Cloned Pig Organs Easier to Transplant
By CHRIS KAHN
.c The Associated Press
BLACKSBURG, Va. (AP) - A research firm said Wednesday it has cloned pigs that
have been genetically altered to remove one of the paired genes that cause
the human immune system to powerfully reject transplanted pig organs.
``This is the first step in overcoming the rejection of pig organs in
humans,'' said David L. Ayares, vice president of research for PPL
Therapeutics Inc. ``We still need to make some modifications to create the
ultimate pig.''
He said both copies of the paired genes will have to be removed from a strain
of pigs before the animal organs would be accepted by the human immune
system.
Ayares said all the cloned pigs are female, but that male pigs with the
altered genes are expected to be born later this year. The animals then would
be bred in hopes of producing offspring that are true ``knockouts'' - animals
with both of the target genes knocked out of their gene structure.
PPL is a subsidiary of PPL Therapeutics in Scotland that helped clone Dolly
the sheep with the Roslin Institute in 1997.
The target gene that PPL scientists want removed puts a sugar on the surface
of pig cells. In humans, this sugar triggers a powerful rejection reaction
when swine tissue is transplanted. The hope is to remove both genes so the
swine tissue would not be rejected.
``This has been a major hurdle,'' Dr. Jay Fishman, director of
transplantation and infectious disease at Massachusetts General Hospital,
said of the PPL announcement. But he cautioned that more research is needed
before organs from genetically altered pigs would be ready for human
transplantation.
At least six labs have been searching for a way to manipulate pigs so their
organs could be used to replace ailing human hearts, lungs and livers.
The major problem has been finding a way to cause the recipient's immune
system to regard the transplanted organ as its own and not as foreign tissue
that must be destroyed.
Ayares said PPL will take several years to figure out how to deal with
adverse immune reactions and conduct trials with primates. If successful, PPL
could begin human clinical trials using harvested pig hearts, kidneys,
pancreases, livers, skin, and blood cells by late 2005.
According to the United Network for Organ Sharing, which manages the national
transplant waiting list, about 77,000 Americans were in line for transplants
in 2000, while 23,000 received them.
That same year, 5,742 people on the U.S. transplant waiting list died
awaiting transplants, according to the network.
Pigs have long been considered good candidates as a source for replacement
parts because their organs closely match the size of those in humans. But
organs from ordinary pigs would be rejected by humans because the surface of
pig cells have a sugar known as alpha-1-galactose.
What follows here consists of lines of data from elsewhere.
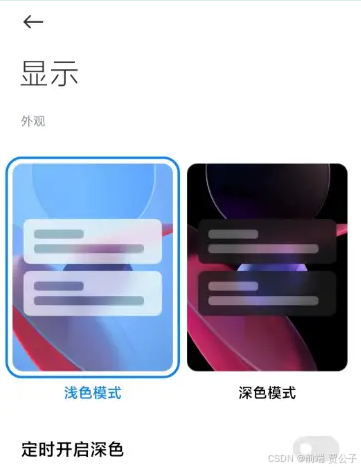 那么上述的这些属性到底具体表示的是什么意思呢?我们需要从实践中进行进一步的理解。我们在前言中说到现在很多系统都提供了"浅色模式"和"深色模式" ,其中手机系统不管是 IOS 还是安卓目前也都提供了这两种模式。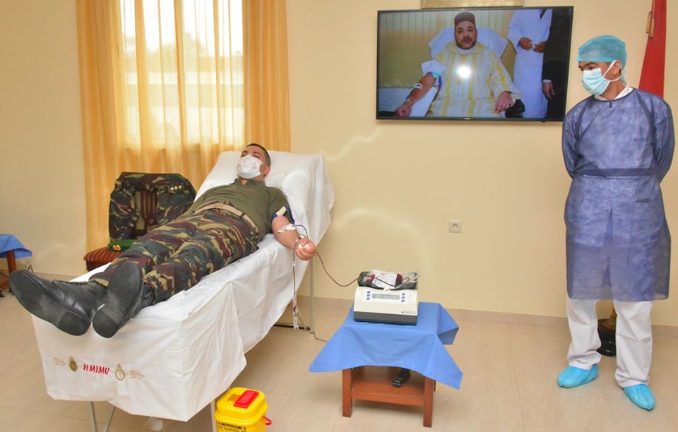 وفي هذا الإطار  إنخرطت مفتشية الصحة العسكرية في برنامج مكثف إنطلق يوم 2 أبريل الجاري  حيث تجوب وحدة طبية متنقلة تحت إشراف فريق طبي مختص مختلف وحدات القوات المسلحة الملكية البرية , منها والجوية والبخرية وذلك بهدف  جمع تبرعات أفراد القوات المسلحة الملكية من هذه المادة الحيوية .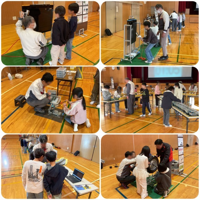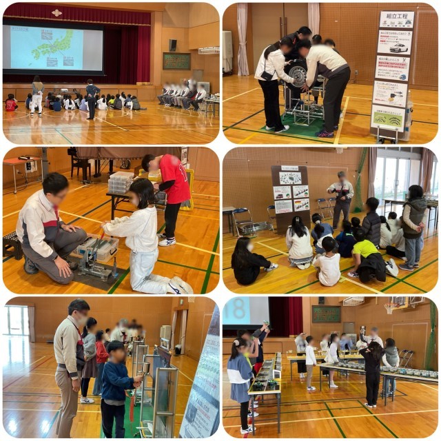 今日は、ダイハツから8名の方々に来ていただき、「ものづくり体験教室」を実施しました。3~4時間目に1組、5~6時間目に2組が体育館で体験学習をします。最初にダイハツの工場や車を作っている工程等の説明を聞いてから、グループに分かれて体験します。子どもたちはどのブースでも真剣に、そして楽しく学んでいました。関係者の皆様、お世話になり、ありがとうございました。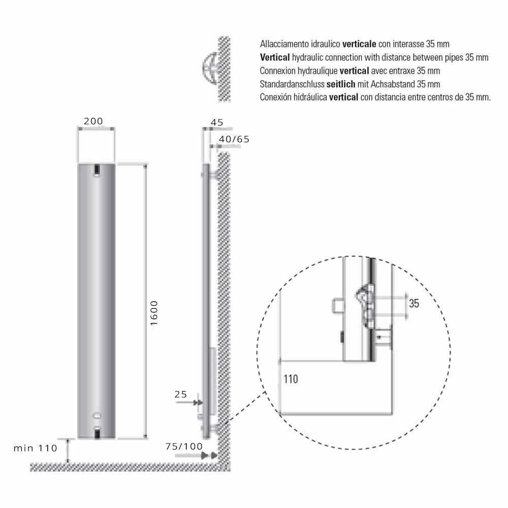 OBS: Ventilerna och hållaren är exkluderade, för att ta emot dem skriv till oss i formuläret "Begär information". Finns på begäran också klädhängaren i satin rostfritt stål, ingår inte i priset.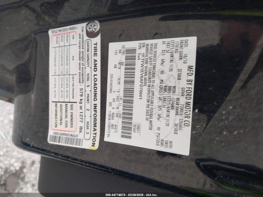 • 1FTFW1EV6AFD70001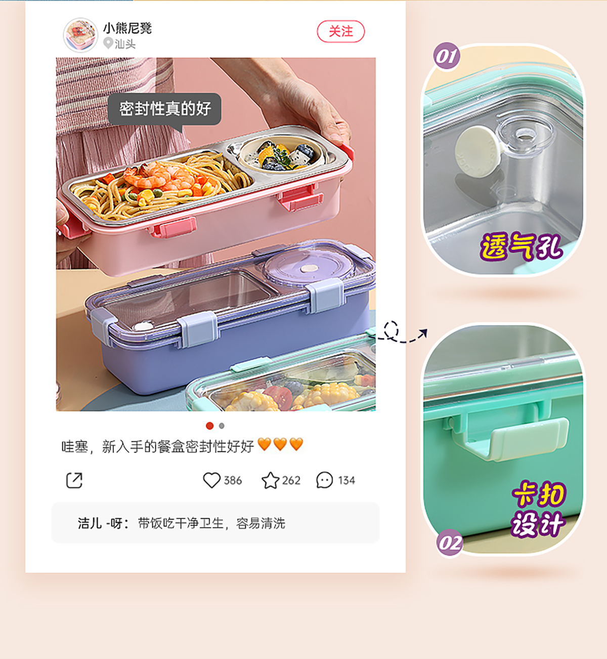 輕食不銹鋼餐盒兩格帶碗600ml+150ml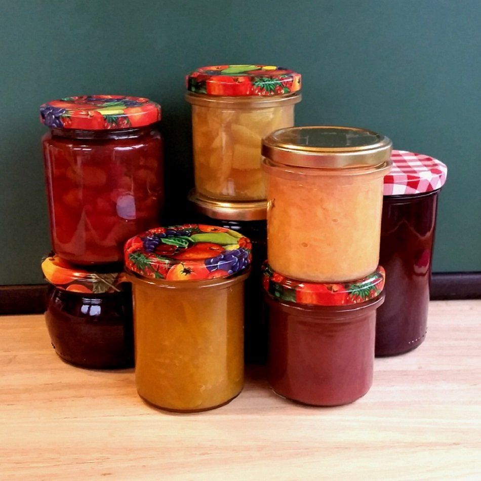 Je 1 kg Fruchtstücke, 1 Zitrone, 100 bis 150 g Honig, 15 bis 20 g Apfelpektin 10 bis 15 Min. köcheln, in Twist Off Gläser füllen.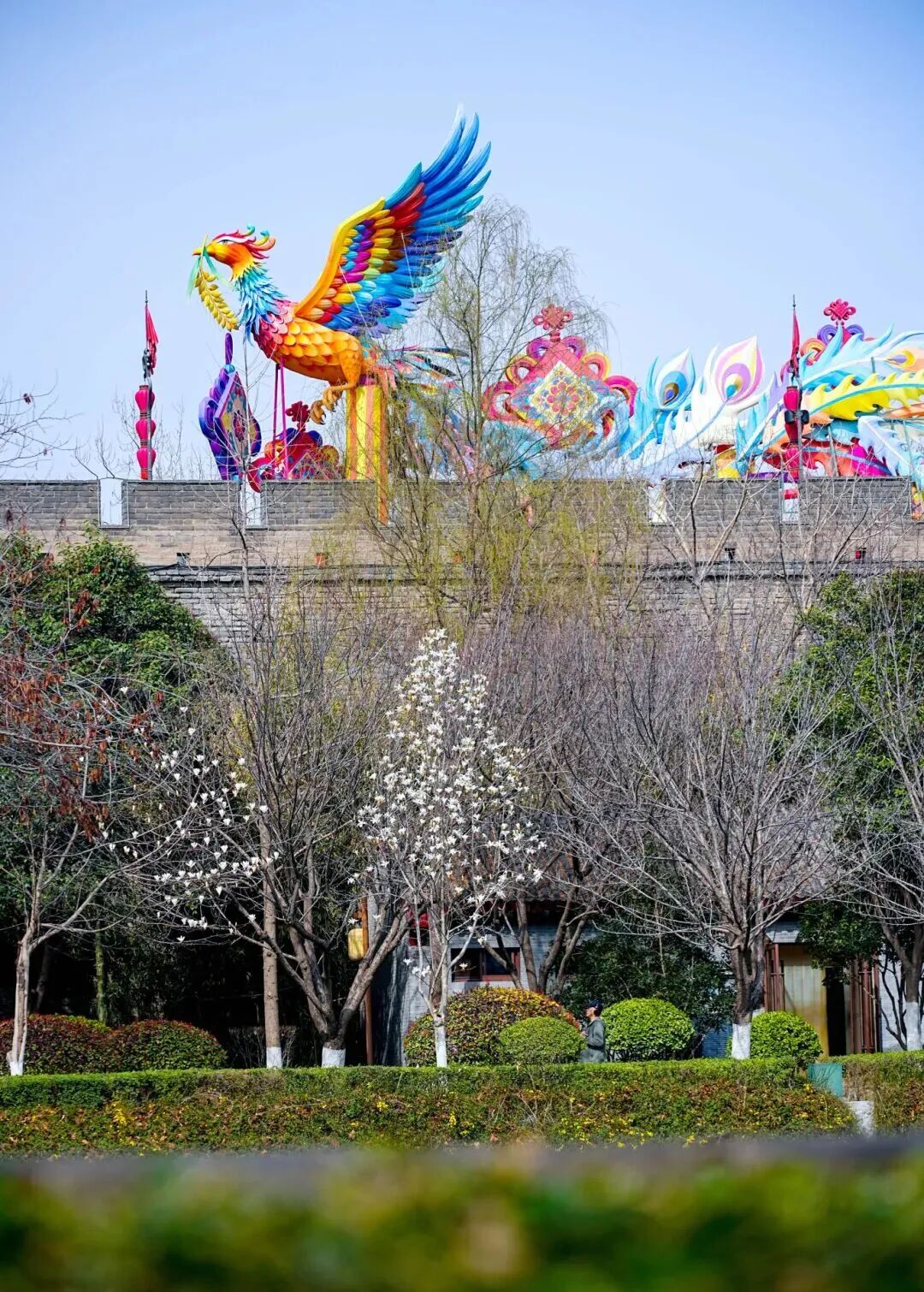 春风已至,繁花已开,城墙之上,灯火依旧璀璨。这场跨越新春与春分的光影盛宴,不仅留存着新春的热烈与温情,更浸润着春日的温柔与浪漫。白日里,可漫步城墙,沐暖阳、赏繁花,看古砖映春色;夜幕降临时,可驻足灯前,观光影、品古韵,让灯火映笑颜。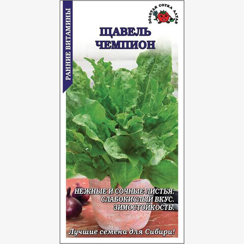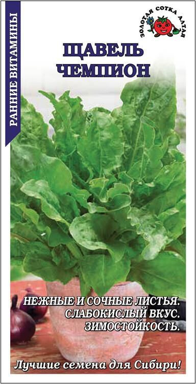 Среднеспелый (39-42 дня) зимостойкий сорт. Розетка листьев прямостоячая, диаметром 28-30 см и высотой 37-40 см. Лист крупный, зеленый, гладкий, удлиненно-овальной формы со слегка волнистым краем, нежный и сочный, приятного слабокислого вкуса. Щавель – источник витаминов, микроэлементов и органических кислот. Используется в салатах, супах, в качестве начинки к пирогам, заготавливается впрок.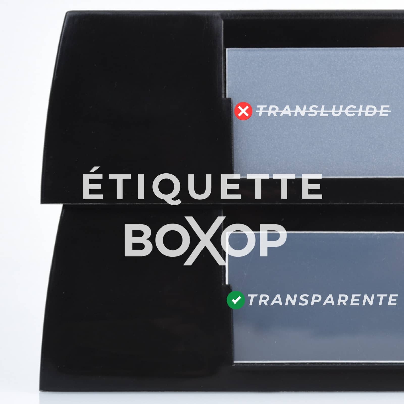 L’étiquette Boxop transparente est idéale si vous souhaitez glisser une étiquette papier car la lisibilité sera optimale. Toujours avec une fabrication 100% française, sa matière est lisse et sans aspérité pour une surface de travail toujours propre.

The human immune system recognizes this sugar as foreign and reacts strongly,
causing a hyperacute rejection action that kills transplanted organs within
hours.
For this rejection action to be neutralized, both copies of the
alpha-1-galactose gene must be removed from the pig genome.
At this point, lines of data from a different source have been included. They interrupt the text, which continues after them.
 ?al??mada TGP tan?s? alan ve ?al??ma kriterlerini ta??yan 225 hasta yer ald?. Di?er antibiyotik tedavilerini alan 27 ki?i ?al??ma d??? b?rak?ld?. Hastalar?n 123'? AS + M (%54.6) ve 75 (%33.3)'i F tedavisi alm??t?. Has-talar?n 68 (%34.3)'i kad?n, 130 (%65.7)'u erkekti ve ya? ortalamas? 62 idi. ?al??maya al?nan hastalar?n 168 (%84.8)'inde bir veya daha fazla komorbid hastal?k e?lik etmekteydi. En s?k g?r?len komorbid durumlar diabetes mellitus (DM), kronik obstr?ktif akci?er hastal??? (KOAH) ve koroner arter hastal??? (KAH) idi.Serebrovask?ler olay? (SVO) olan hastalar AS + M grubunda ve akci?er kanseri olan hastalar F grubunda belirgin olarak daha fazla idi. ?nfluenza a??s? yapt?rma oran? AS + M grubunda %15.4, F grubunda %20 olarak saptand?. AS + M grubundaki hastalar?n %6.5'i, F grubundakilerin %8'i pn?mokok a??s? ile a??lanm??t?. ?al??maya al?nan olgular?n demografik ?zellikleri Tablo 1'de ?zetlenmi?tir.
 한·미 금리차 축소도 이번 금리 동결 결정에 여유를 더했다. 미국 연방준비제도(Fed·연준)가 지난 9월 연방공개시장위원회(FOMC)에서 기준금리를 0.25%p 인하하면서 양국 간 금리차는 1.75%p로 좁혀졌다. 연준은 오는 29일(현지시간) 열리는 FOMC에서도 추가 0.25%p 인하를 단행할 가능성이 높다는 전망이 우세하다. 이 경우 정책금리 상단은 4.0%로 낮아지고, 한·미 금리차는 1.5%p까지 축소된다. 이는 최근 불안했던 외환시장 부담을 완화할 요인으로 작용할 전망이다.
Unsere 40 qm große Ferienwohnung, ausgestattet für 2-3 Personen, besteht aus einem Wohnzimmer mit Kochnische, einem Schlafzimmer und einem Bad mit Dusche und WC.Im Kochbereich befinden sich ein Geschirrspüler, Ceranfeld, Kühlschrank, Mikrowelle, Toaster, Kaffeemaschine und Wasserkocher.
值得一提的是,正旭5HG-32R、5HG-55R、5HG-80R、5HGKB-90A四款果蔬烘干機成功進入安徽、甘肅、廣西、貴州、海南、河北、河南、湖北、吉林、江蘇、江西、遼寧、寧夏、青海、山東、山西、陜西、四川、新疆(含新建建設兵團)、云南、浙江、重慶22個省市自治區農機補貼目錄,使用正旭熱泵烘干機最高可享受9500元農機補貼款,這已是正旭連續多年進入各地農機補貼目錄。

PPL's five piglets, born on Christmas Day, were engineered to lack one copy
of the gene responsible for alpha-1-galactose.
``People might wonder, who wants pig organs? I tell you, the people on the
waiting list,'' Ayares said.
The five newborns - named Joy, Angel, Mary, Star and Noel - huddled in the
corner of their pen of artificial turf at PPL's news conference Wednesday,
each with a number written above their tail.
At full size, these pigs will grow to several hundred pounds.